Wednesday, April 11, 2018

Everything You Know About Depression Is Wrong. Big Pharma Made It Up.

Everything you think you know about depression, psychiatric diagnosis and medication is wrong. 
From 1978-1994, American psychiatrists updated the Diagnostic and Statistical Manual (DSM) and included, in detail, all the symptoms of different mental illnesses so they could be identified and treated in the same way across the United States.
For example, they laid out nine symptoms that a patient had to show to be diagnosed with "depression." They did the same for countless other "mental illnesses." The manual was sent out to doctors across the US and they began to use it to diagnose people. However, doctors quickly complained that, if they followed this guide, they had to diagnose every grieving person who came to them as "depressed" or "anxious" and start giving them medications.
For example, if you lose someone, it turns out that all these "depression" symptoms will come to you automatically. So, the doctors wanted to know, are we supposed to start drugging all the bereaved people in America? The DSM authors said, oops, "depression" didn't apply to grief and granted a "grief exception."
Hmm. Doctors were confused. They were instructed by Big Pharma to tell patients that depression is just the result of a spontaneous chemical imbalance in your brain, a natural lack of some chemical, like Serotonin. It’s not caused by your life – it’s caused by your broken brain. How did this explain the grief exception? If you agree that the symptoms of depression are a logical and understandable response to one set of life circumstances – losing a loved one – might they not be an understandable response to other situations? What about if you lose your job? What if you are stuck in a job that you hate for the next 40 years? What if you are downsized and can't find meaningful work again? What about if you are alone and friendless? What if your wife or husband has an affair or leaves you? What if your children are drug addicts and living in your basement?
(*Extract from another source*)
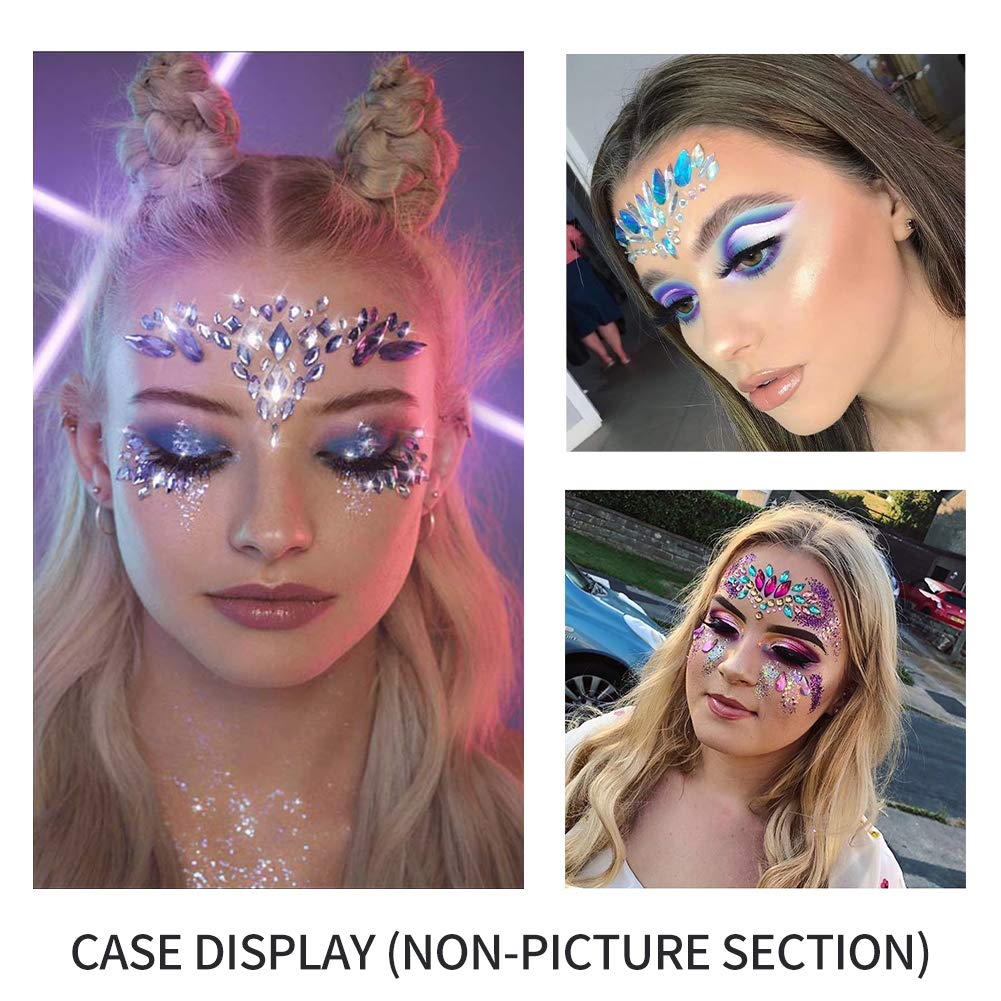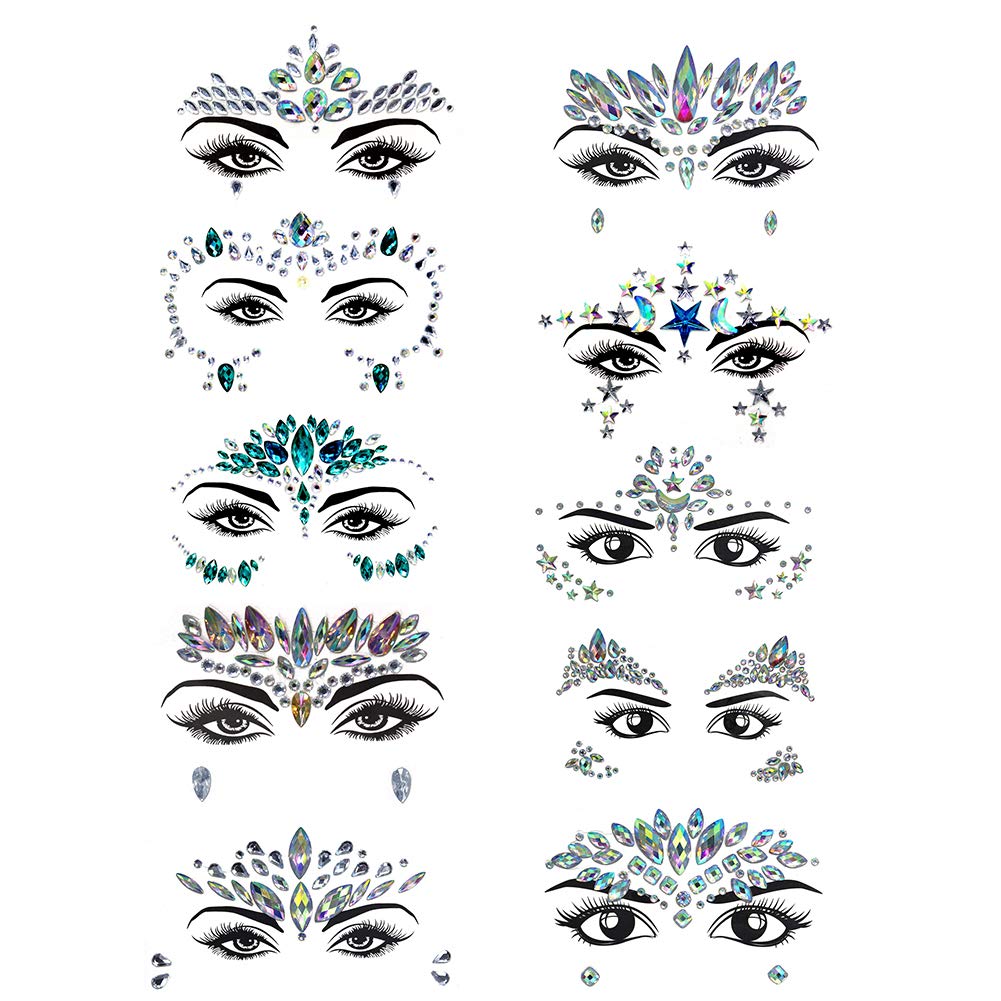 **EYE CATCHING DESIGN:** Each piece of Carnival jewelry has a unique design, you can use it on your face, forehead, eyebrows, cheeks, back, arms, etc, Wear these face gems and chest gems on a variety of body parts to make you more attractive. It can also be used cleverly to create different shapes and spell out the patterns you want. **WIDELY USED:** This mask is suitable for any dance, carnival, party, dress up game, masquerade party, costume, Christmas, birthday, photo taking, music festival or any other celebration night. **EASY TO USE:** First, make sure that your face and body are clean and dry, then tear off the stones on the lower part or chest, and then paste them on your face or body according to the design pattern. **REMINDER:** 1\. Attention! Face gems, body gems and sequins are not suitable for children under 5 years old. For safety, please keep away from children; 2\. In order to achieve better effect, please paste face jewelry before make- up; 3\. Please use sensitive and allergic skin carefully (if irritation occurs, please stop using); 4\. The facial jewelry film is disposable. If you want to reuse it, you need to use mascara or body glue again to avoid falling. 5\. Due to different monitors, pictures may not reflect the actual color of the product. Thanks for Your Patronage!

Drug companies would fund huge numbers of studies and then only release the ones that showed success for psychiatric medications. The rest were buried. We all know that when you take selfies, you take 30 pictures, throw away the 29 where you look bleary-eyed or double-chinned, and pick out the best one to be your Tinder profile picture. It turned out that the drug companies – who fund almost all the research into these drugs – were taking this approach to studying chemical antidepressants. They would fund huge numbers of studies, throw away all the ones that suggested the drugs had very limited effects, and then only release the ones that showed success.
The grief exception blasted a hole in the claim that the causes of depression are sealed away in your skull and caused by a chemical balance. They needed to hide the fact that depression is a natural response to life's ups and downs. So, Big Pharma and Big Psychiatry conned us in a sneaky way. With each new edition of the DSM manual they reduced the period of grief that you were allowed before being labelled "mentally ill" – down to a few months and then, finally, to nothing at all. Now, if your baby dies at 10am, your doctor can diagnose you with a mental illness and depression at 10.01am and start drugging you straight away. Grieving people were IMMEDIATELY told they were "mentally ill" if showing any distress.
This debate reveals a key problem with how we talk about depression, anxiety and other forms of suffering: we don’t consider LIFE context at all. We act like human distress can be assessed solely on a checklist that can be separated out from our lives, and labeled as brain diseases. If we started to take people’s actual lives into account when we treat depression and anxiety it would require an entire system overhaul. When you have a person with extreme human distress, we need to stop treating the symptoms. The symptoms are a messenger of a deeper problem. Let’s get to the deeper problem.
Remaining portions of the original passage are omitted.